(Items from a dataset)
-------------------------
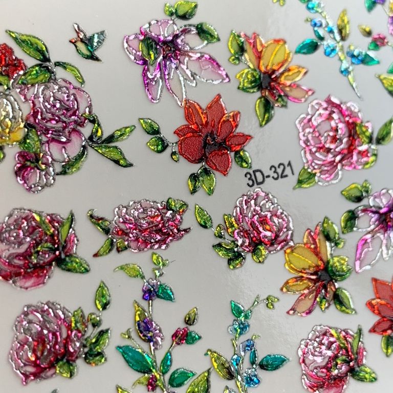 ANNA TKACHEVA Water decal 3D Crystal HT3D321, 1 pz. Istruzioni per l'uso: 1. Effettuare una preparazione standard della lamina ungueale.2. Selezionare il modello appropriato, tagliare l'immagine alla dimensione dell'unghia. 3. Applicare la base,polimerizzare. Applicare uno strato sottile del semipermanente bianco, se richiesto dal design del water decal. Polimerizzare. 4. Applicare uno strato sottile della base. Non polimerizzare. 5. Mettere il water decal su un disco di cotone inumidito con acqua calda (non fredda!) Per circa 10-15 secondi. Spostarlo trasferendo la pellicola sull'unghia. Raddrizzare la pellicola, tirando leggermente verso l'alto il bordo libero. Distendere con cura le pieghe, estraendo i resti di aria e acqua con un panno morbido, un pennello piatto o con le dita. Polimerizzare a tempo pieno. (UV - 2 min, led -30-60 sec). 6. Utilizzando la lima fine, dall'alto verso il basso, rimuovere delicatamente la pellicola in eccesso dal bordo libero dell'unghia. 7. Coprire 2 volte con il top coat, ben sigillando il bordo libero.
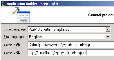The first step of the Application Builder is where you configure the project-wide settings for the following four parameters:
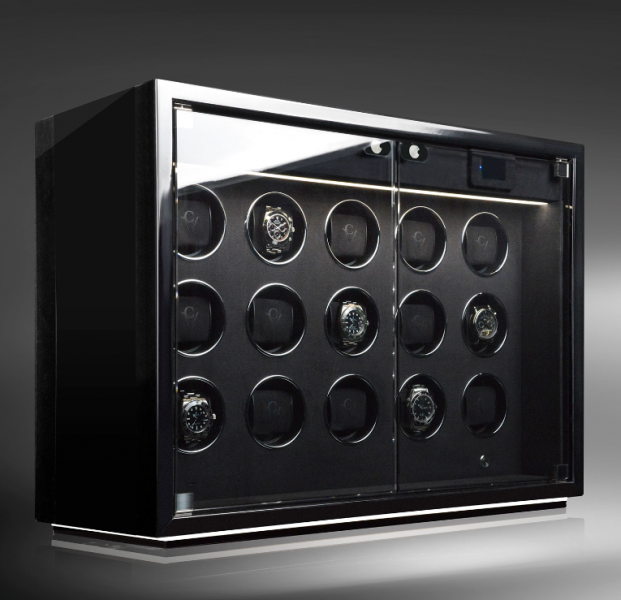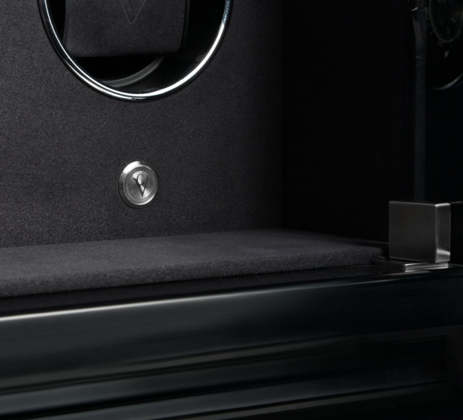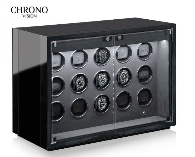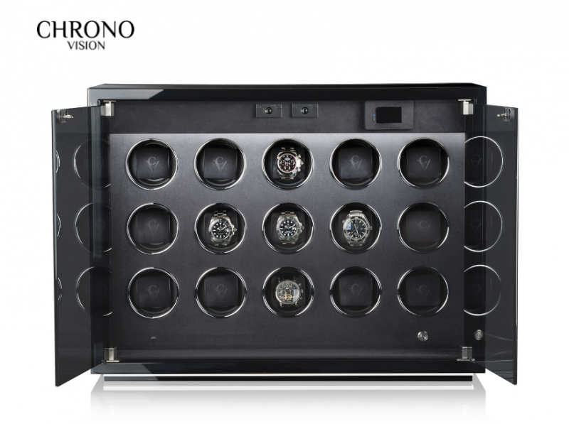 Stolní modely z řady Ambiance nabízejí sběratelům hodinek perfektní pódium pro kvalitní prezentaci jejich pokladů. Dvě stmívatelná LED světla efektně zvýrazňují modely Ambiance: Zatímco vnitřní osvětlení odhaluje hodiny skryté za kouřovým sklem, ambientní osvětlení integrované do podstavce decentně podtrhuje elegantní vzhled objektu. • materiál dřevo/MDF • interiér velour Technické parametry • stop pozice 12 hodin, ambientní světlo, stmívatelné LED vnitřní osvětlení, modulární rozšiřitelný systém, fáze spánku, rychlé natahování, samostatně programovatelné motory pro každé hodiny, synchronní chod • samostatně zapínatelné osvětlení, průhledové okénko • možnost uzamčení • ovládání pomocí app/bluetooth • počet volitelných otáček: 500…-2 500 (v krocích po 50), 500…-2 650 (v krocích po 50), 550…-2 650 (v krocích po 50) • síťové napájení • šířka objímky: 5,5cm • obvod objímky: 15cm Rozměr: 46x62x30cm Hmotnost: cca 35kg
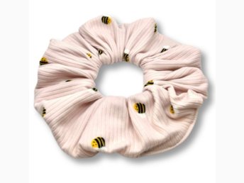 Ljusrosa bimönstrad överdimensionerad ribbad Scrunchie Enchanted Scrunch NY
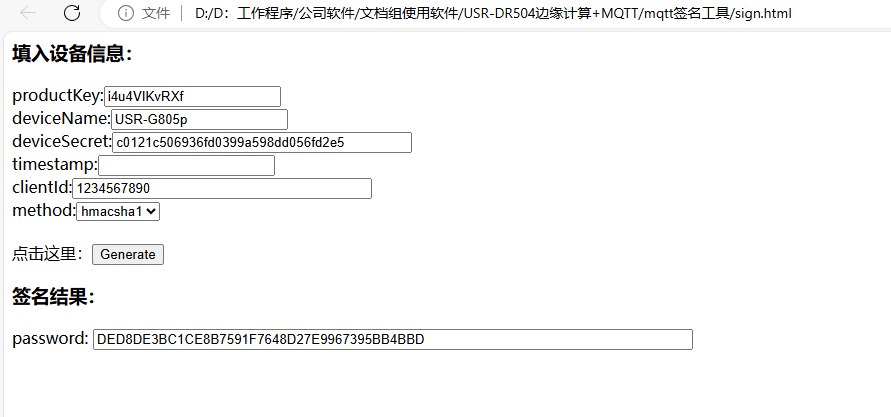 7、使用MQTT簽名工具,生成USR-G805p連接阿里云的密碼
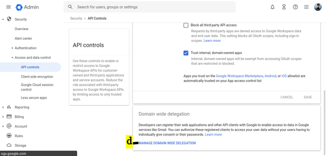 - Enable domain-wide delegation
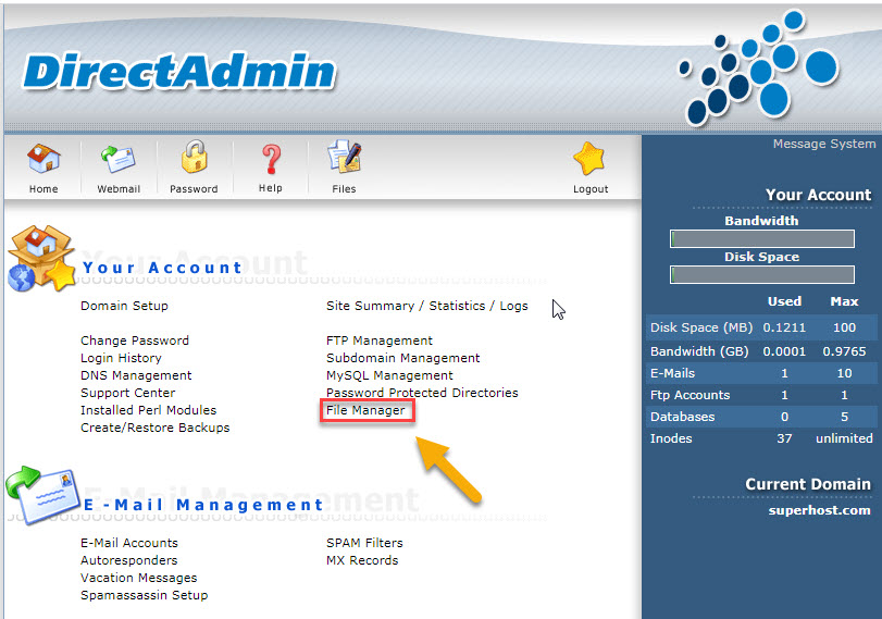 Bước 2: Chọn File Manager => Domain => superhost.com (Tên miền của bạn) => public_html
-------------------------
Try it » Without altering a word, return all of the records above and leave out their pictures.

Exercise response »
 ANNA TKACHEVA Water decal 3D Crystal HT3D321, 1 pz. Istruzioni per l'uso: 1. Effettuare una preparazione standard della lamina ungueale.2. Selezionare il modello appropriato, tagliare l'immagine alla dimensione dell'unghia. 3. Applicare la base,polimerizzare. Applicare uno strato sottile del semipermanente bianco, se richiesto dal design del water decal. Polimerizzare. 4. Applicare uno strato sottile della base. Non polimerizzare. 5. Mettere il water decal su un disco di cotone inumidito con acqua calda (non fredda!) Per circa 10-15 secondi. Spostarlo trasferendo la pellicola sull'unghia. Raddrizzare la pellicola, tirando leggermente verso l'alto il bordo libero. Distendere con cura le pieghe, estraendo i resti di aria e acqua con un panno morbido, un pennello piatto o con le dita. Polimerizzare a tempo pieno. (UV - 2 min, led -30-60 sec). 6. Utilizzando la lima fine, dall'alto verso il basso, rimuovere delicatamente la pellicola in eccesso dal bordo libero dell'unghia. 7. Coprire 2 volte con il top coat, ben sigillando il bordo libero.
The first step of the Application Builder is where you configure the project-wide settings for the following four parameters:
 Stolní modely z řady Ambiance nabízejí sběratelům hodinek perfektní pódium pro kvalitní prezentaci jejich pokladů. Dvě stmívatelná LED světla efektně zvýrazňují modely Ambiance: Zatímco vnitřní osvětlení odhaluje hodiny skryté za kouřovým sklem, ambientní osvětlení integrované do podstavce decentně podtrhuje elegantní vzhled objektu. • materiál dřevo/MDF • interiér velour Technické parametry • stop pozice 12 hodin, ambientní světlo, stmívatelné LED vnitřní osvětlení, modulární rozšiřitelný systém, fáze spánku, rychlé natahování, samostatně programovatelné motory pro každé hodiny, synchronní chod • samostatně zapínatelné osvětlení, průhledové okénko • možnost uzamčení • ovládání pomocí app/bluetooth • počet volitelných otáček: 500…-2 500 (v krocích po 50), 500…-2 650 (v krocích po 50), 550…-2 650 (v krocích po 50) • síťové napájení • šířka objímky: 5,5cm • obvod objímky: 15cm Rozměr: 46x62x30cm Hmotnost: cca 35kg
 Ljusrosa bimönstrad överdimensionerad ribbad Scrunchie Enchanted Scrunch NY
 7、使用MQTT簽名工具,生成USR-G805p連接阿里云的密碼
 - Enable domain-wide delegation
 Bước 2: Chọn File Manager => Domain => superhost.com (Tên miền của bạn) => public_html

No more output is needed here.